Ano novo, sem novidades

Geralmente, desejamos, à passagem de ano. Que esse ano recém despontado nos traga bem querenças e boas novas.

Mas nem sempre isso acontece.

Para aquele homem. De maior idade. A vida nunca lhe trouxe maiores novidades.

Tudo pra ele sempre foi um marasmo. Do trabalho pra casa era sua rotina. Sempre enfadonha, dizia.

Seu Joaquim era um trabalhador contumaz e consumido pelas lidas diárias.

Nunca lhe sobrou um tempinho sequer para se dar ao luxo de um desfrute.

Era funcionário de uma metalúrgica nas cercanias de São Paulo.

Para chegar ao trabalho tomava uma infinidade de conduções.  Acordava ao tilintar do despertador. E nem se dava ao luxo de um banho morno. Em sua casinha modesta quase sempre faltava água. Não por falta de pagamento. E sim por desleixo da companhia mantenedora dos serviços de água e esgoto.

Antes das quatro da madrugada já se punha de pé. Lavava a cara sonolenta. Vestia o velho uniforme em trapos. Penteava o que restava dos parcos cabelos. Tomava um cafezinho magro feito de véspera. Nem pão ou broa ele tinha.

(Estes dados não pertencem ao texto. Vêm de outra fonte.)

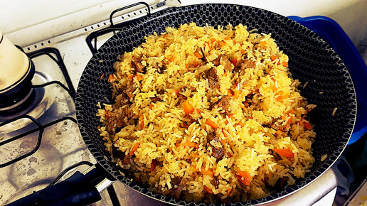 Плюньте в рожу тем, кто говорит, будто настоящий плов должен быть на костре и в казане. Вчера я приготовил плов по вкусу и составу как в халяльной узбечке. Я не пользовался крышкой потому что ее у меня нет. Моя вок-сковорода самая примитивная: Итак, котаны берите на вооружение рецепт, который очень легок в исполнении, а вы прослывете знатным поваром в кругу знакомых))) Ингредиенты: - 1 кг говядины кубиками - 1 кг лука репчатого - 1 кг моркови - 3 стакана длиннозернового риса (примерно 900 гр.)...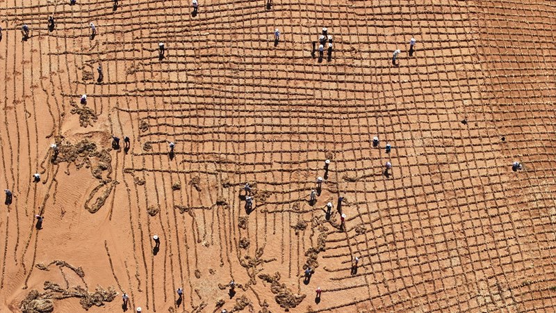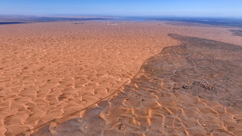 6月30日,在位于寧夏中衛(wèi)市長流水村的騰格里沙漠東南緣,隨著治沙工人將最后一列草方格穩(wěn)穩(wěn)扎下,這項跨越半個世紀的治沙工程,在騰格里沙漠寧夏境內實現(xiàn)全面“鎖定”。一條長153公里、最寬處達38公里的固沙鎖邊帶蜿蜒開來。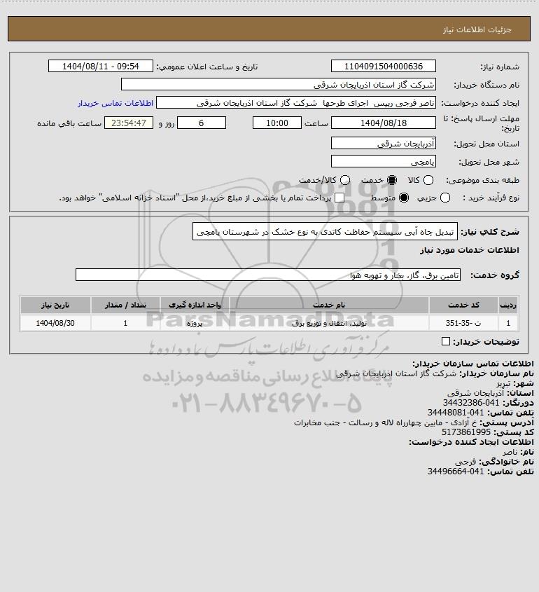 شرح کلی نیاز: تبدیل چاه آبی سیستم حفاظت کاتدی به نوع خشک در شهرستان یامچی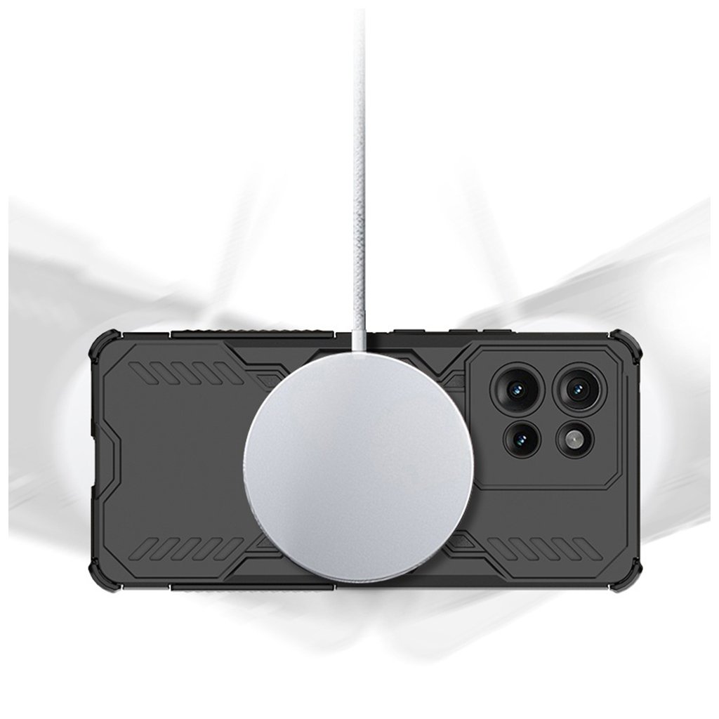 - Na zadnej strane puzdra dominuje integrovaný magnetický krúžok, ktorý je nielen praktickým prvkom pre uchytenie k magnetickým držiakom, ale aj umožňuje bezproblémové bezdrôtové nabíjanie a kompatibilitu s MagSafe príslušenstvom.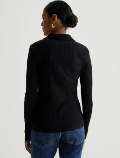 The Jolan Top features a long-sleeve silhouette with a soft, pointed collar and buttons down the front. Cut from a stretch-cotton rib knit in black, it’s cut for a slim fit that sits comfortably close to the body.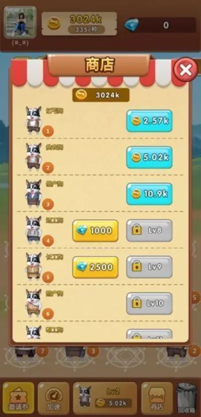 3.只需要玩家合成更高级的狗狗,就可以得到更多的金币,让玩家来购买更多的道具。
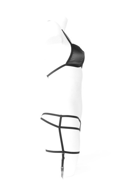 Perizoma a forma romboidale collegato a delle sensualisse stringhe reggicalze che faranno impazzire il vostro partner….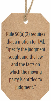 Rule 50(a)(2) requires that a motion for JML "specify the judgment sought and the law and the facts on which the moving party is entitled to judgment." The Alabama Supreme Court has stated that "appellate review is preserved by a Rule 50(a) motion 'alleg[ing] a lack of evidence' as to each of the plaintiff's claims."16 The court has also stated that the motion should identify "the count which is not supported by evidence and detail[] with specificity the grounds upon which the particular count is not supported by the evidence."17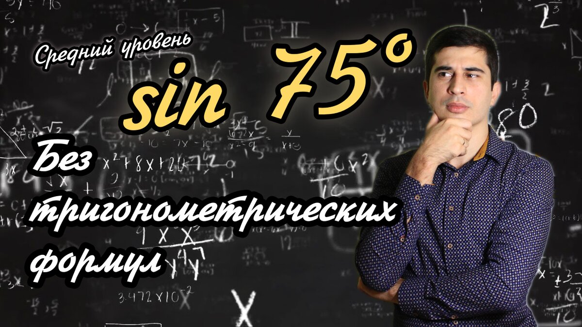 Нужно вычислить синус 75° без использования тригонометрических формул. Задача будет очень полезной тем, кто готовится к экзаменам. Особенно для ЕГЭ профильного уровня.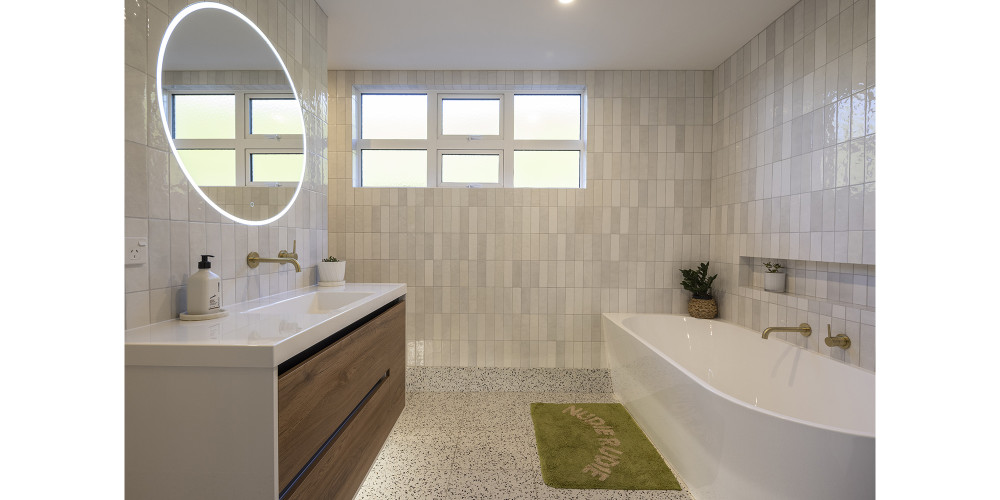 There are many considerations when designing a bathroom fit for a large family. The owners of this home have four young children and decided to limit potential mess and time spent cleaning with a wet room.

Antes das cinco já estava no ponto da lotação. Morava distante léguas da fábrica de autopeças onde, em mais de vinte anos de serviço, nunca faltou um dia sequer. Era um trabalhador exemplar. Exemplo a ser seguido pelas futuras gerações.

Naquele dia malogrado uma chuva sem tréguas caía desde a semana passada. Ruas alagadas, bocas de lobo entupidas. Não precisa dizer que o ônibus nesse dia não apareceu. A chuva impedia qualquer deslocamento dada à água que alagava todo entorno.

Seu Joaquim pensou em ir andando. Não era de seu costume faltar ao trabalho. Afinal quase uma vida inteira foi essa sua rotina. Da fábrica pra casa.  Sem tempo para pensar em si mesmo. Sem tempo para procurar a felicidade. Vivendo na mesma rotina desde quando entende-se por gente.

Seria uma caminhada de muitas léguas. Seu relógio mostrava cinco minutos para as cinco da manhã. A chuva caía sem parar. O céu cinzento nada de azular.

E ele ia. Tentando driblar a inclemência do tempo. Pulando poças d’água. Arregaçando a barra da calça para não ensopar.

Foi uma caminhada que durou mais de cinco longas horas. Foi um dos últimos a chegar ao trabalho. Foi, pela primeira vez, repreendido pelo gerente da firma. Que não só o ameaçou de cortar-lhe o dia inteiro. Como também impediu-lhe a folga do final de ano.

Mas Seu Joaquim já estava acostumado a ser tratado daquele jeito. Não seria mais um que iria tirar-lhe o bom humor costumeiro. Simplesmente sorriu e se desculpou.

Foi um dia exaustivo de trabalho. Sempre ele a fazer as peças. Encaixotá-las e encaminhá-las ao destinatário.

Aquele dia terminou a mesma hora de sempre. De volta à casa a chuva continuava a cair.

A condução atrasou mais de duas horas. O retorno pra casa foi andando como da vinda.

Já era tarde, quase noite. A escuridão dominava o ambiente.

Não bastasse tamanho infortúnio ainda faltou luz na sua casinha modesta. Tomar banho só frio. Dormiu um sono profundo. Acordou no ano novo sentindo-se refeito das agruras por que tinha passado.

Foi quando se lembrou que tinha de voltar ao serviço no primeiro dia do ano. Folga, nem pensar.

De novo o caminho da fábrica foi feito pelas próprias pernas. A chuva continuava. Naquele feriado só ele foi trabalhar.

Foi quando nos encontramos. No meio do caminho.

Interpelei-o com essas palavras.

“E ai Seu Joaquim? Como foi de passagem de ano”?

E ele me respondeu num piscar de olhos, pois estava apressado para chegar ao trabalho.

“Ah! Pra mim ano novo sempre foi como esse. Sem novidades”.